Please set out each line below exactly as it stands, without the images.

- SUPPLIED MATERIAL -
☆ ☆ ☆ ☆ ☆
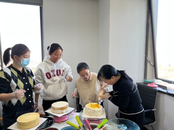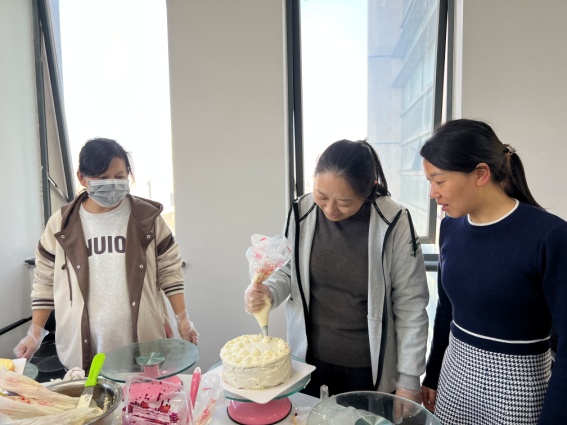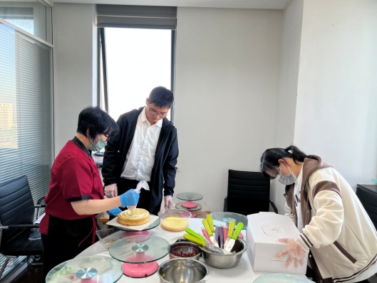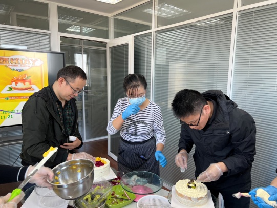 11月21日,威廉希尔足球官网工会在行政楼1606和1602举办生日蛋糕DIY暨集体生日庆祝活动。活动邀请高级点心师刘洁现场指导大家如何制作生日蛋糕,在指导老师的悉心指导下,大家在蛋糕胚子上抹上奶油,放上新鲜的水果,再插上有工程大标志的小旗,一个精美的蛋糕就呈现在大家眼前了。工会同时在1602会议室,举行了集体生日庆生日活动,由工会委员刘淑梅、赵健,以及公司李军经理为大家切生日蛋糕,工会主席冷培榆感谢大家在一年多来为了本科公司产品审核评估所作出的努力,总结经验教训,来年继续奋斗,为公司高质量发展作出新的贡献。
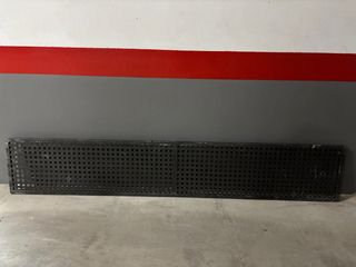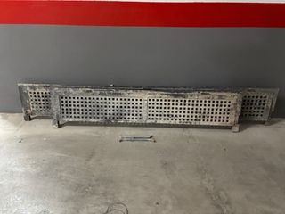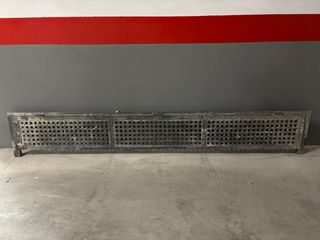 Conjunto de rejillas metálicas para exterior, diseñadas para ser instaladas bajo viviendas, ventanas garaje o local - Diseño con múltiples aberturas cuadradas. - Estructura de hierro galvanizado robusto y duradero. - Color gris forja. -Dos tamañoss Estan sucias de barro por obra. Desmontadas por reforma integral de vivienda. Medidas 1- bastidor 1,94 x 0,38 cm + 0,03 cm de tapa superior Hoja 1,80 x 0, cm. 2- Bastidor 2,69 x 0,39 cm + 0,03cm de tapa superior Hoja 2,56 x 0, cm
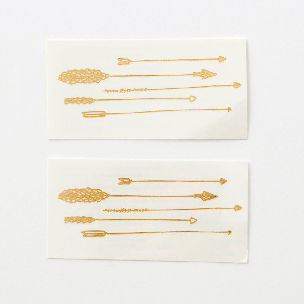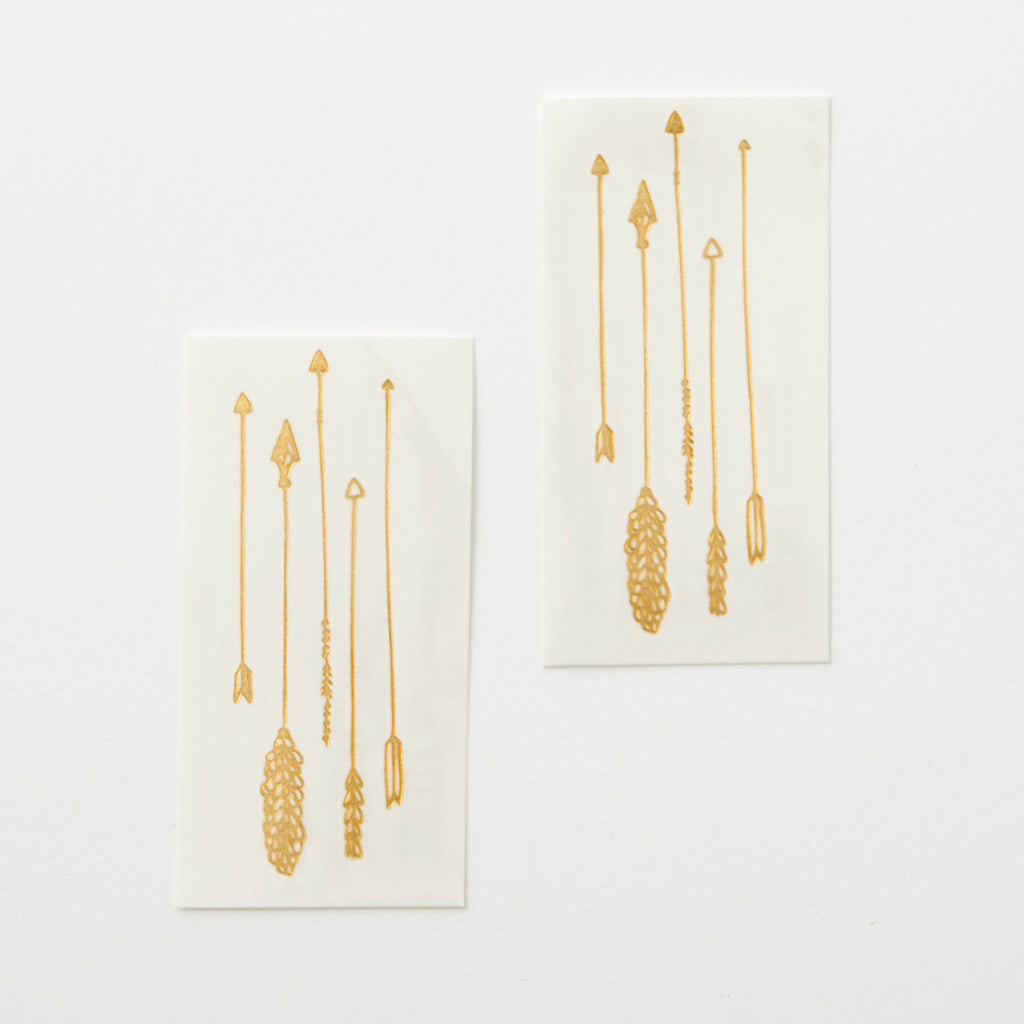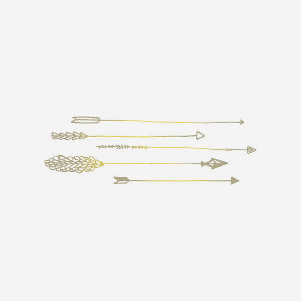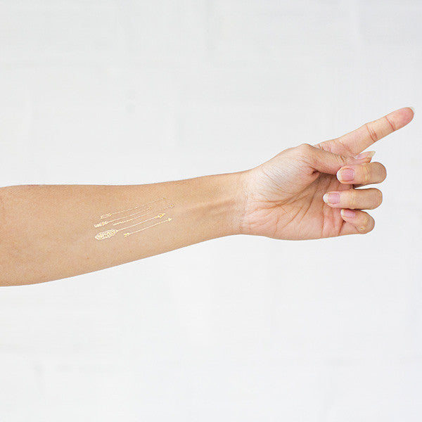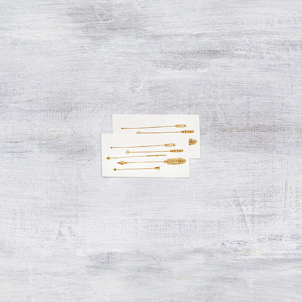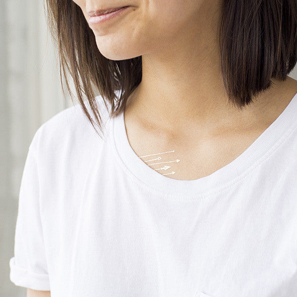 Add some delicate accents to your outfit by wearing these Arrows by Wesley Stuckey. They look great together but hold their own by themselves. These temporary tattoos are safe and non-toxic, lasting on average 2-4 days. We suggest placing on oil-free areas where skin does not stretch and keep them clean!
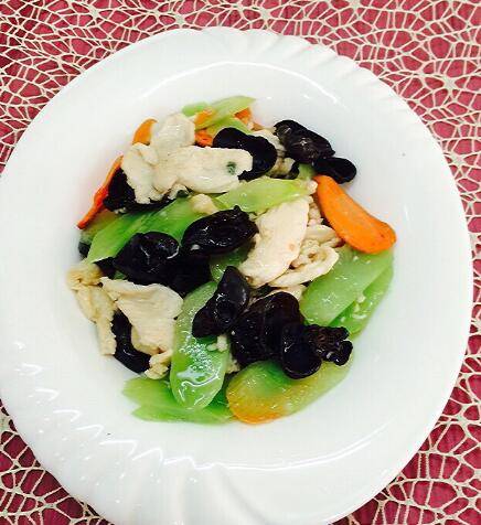 1、准备食材:鸡胸肉150g、莴笋半根、胡萝卜半根、泡发木耳一把、葱姜切末、蛋清1个、用于鸡肉上浆、淀粉少许、胡椒粉少许、盐、料酒、玉米油。
☆ ☆ ☆ ☆ ☆
- ANSWER BOX -
 11月21日,威廉希尔足球官网工会在行政楼1606和1602举办生日蛋糕DIY暨集体生日庆祝活动。活动邀请高级点心师刘洁现场指导大家如何制作生日蛋糕,在指导老师的悉心指导下,大家在蛋糕胚子上抹上奶油,放上新鲜的水果,再插上有工程大标志的小旗,一个精美的蛋糕就呈现在大家眼前了。工会同时在1602会议室,举行了集体生日庆生日活动,由工会委员刘淑梅、赵健,以及公司李军经理为大家切生日蛋糕,工会主席冷培榆感谢大家在一年多来为了本科公司产品审核评估所作出的努力,总结经验教训,来年继续奋斗,为公司高质量发展作出新的贡献。
 Conjunto de rejillas metálicas para exterior, diseñadas para ser instaladas bajo viviendas, ventanas garaje o local - Diseño con múltiples aberturas cuadradas. - Estructura de hierro galvanizado robusto y duradero. - Color gris forja. -Dos tamañoss Estan sucias de barro por obra. Desmontadas por reforma integral de vivienda. Medidas 1- bastidor 1,94 x 0,38 cm + 0,03 cm de tapa superior Hoja 1,80 x 0, cm. 2- Bastidor 2,69 x 0,39 cm + 0,03cm de tapa superior Hoja 2,56 x 0, cm
 Add some delicate accents to your outfit by wearing these Arrows by Wesley Stuckey. They look great together but hold their own by themselves. These temporary tattoos are safe and non-toxic, lasting on average 2-4 days. We suggest placing on oil-free areas where skin does not stretch and keep them clean!
 1、准备食材:鸡胸肉150g、莴笋半根、胡萝卜半根、泡发木耳一把、葱姜切末、蛋清1个、用于鸡肉上浆、淀粉少许、胡椒粉少许、盐、料酒、玉米油。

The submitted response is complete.